Looking out from the bluff path.

Looking out from the bluff path.

But, of course, we like our houses and landscapes to suggest permanence, even as that’s the last possibility on life’s list. And so: hardening of coast against change; and so: mild controversy at our meeting. Should rip-rap-rock be allowed? Those who would build the four houses say, yea, of course. They want the appearance of bluff security. Careful what you wish/rip-rap for, say others. Studies of coastal erosion show that often hardened coastline in one spot simply shifts erosion to the softer flanks of that hardening; the currents and tides, even the gentle ones up bay, will find a way. They will gnaw what they will gnaw.

Then, there is the possibility of unintended effect on the mudflats surrounding the point. These flats, extensive at low tide, are rich with shellfish; they are fished by clammers who depend for their living upon their consistency. Might the change in point stability affect these flats, either through redirected silt, of via redirected runoff? It’s happened elsewhere. Might a plague of invasive green crabs, clam-eaters linked too to the warming of our waters, make the rip-rap their residence? That too has happened elsewhere. So many pointed questions. To which we will return in January.

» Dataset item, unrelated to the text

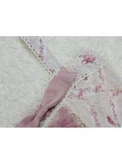 Elegant Floral Print Decoration Jacquard Lace Neckline Bow Pearl Classic Lolita Dress

The point's extensive clamflats; the tiny figures are clammers.

The point’s extensive clamflats; the tiny figures are clammers.

All of this would fascinate Henry Thoreau, who walked to his observations, surveyed them closely, measuring often to decimals the works of winds and waters, looking for the stories land and water tell of themselves. Thoreau’s ability to see and tell those stories gets him named often as the father of ecological thinking. For Thoreau, a close look at what was present often allowed him to see back into the past and forward into the future.

When we meet again in January to look at the point proposals, I’ll have walked the land again and tried to see like Henry.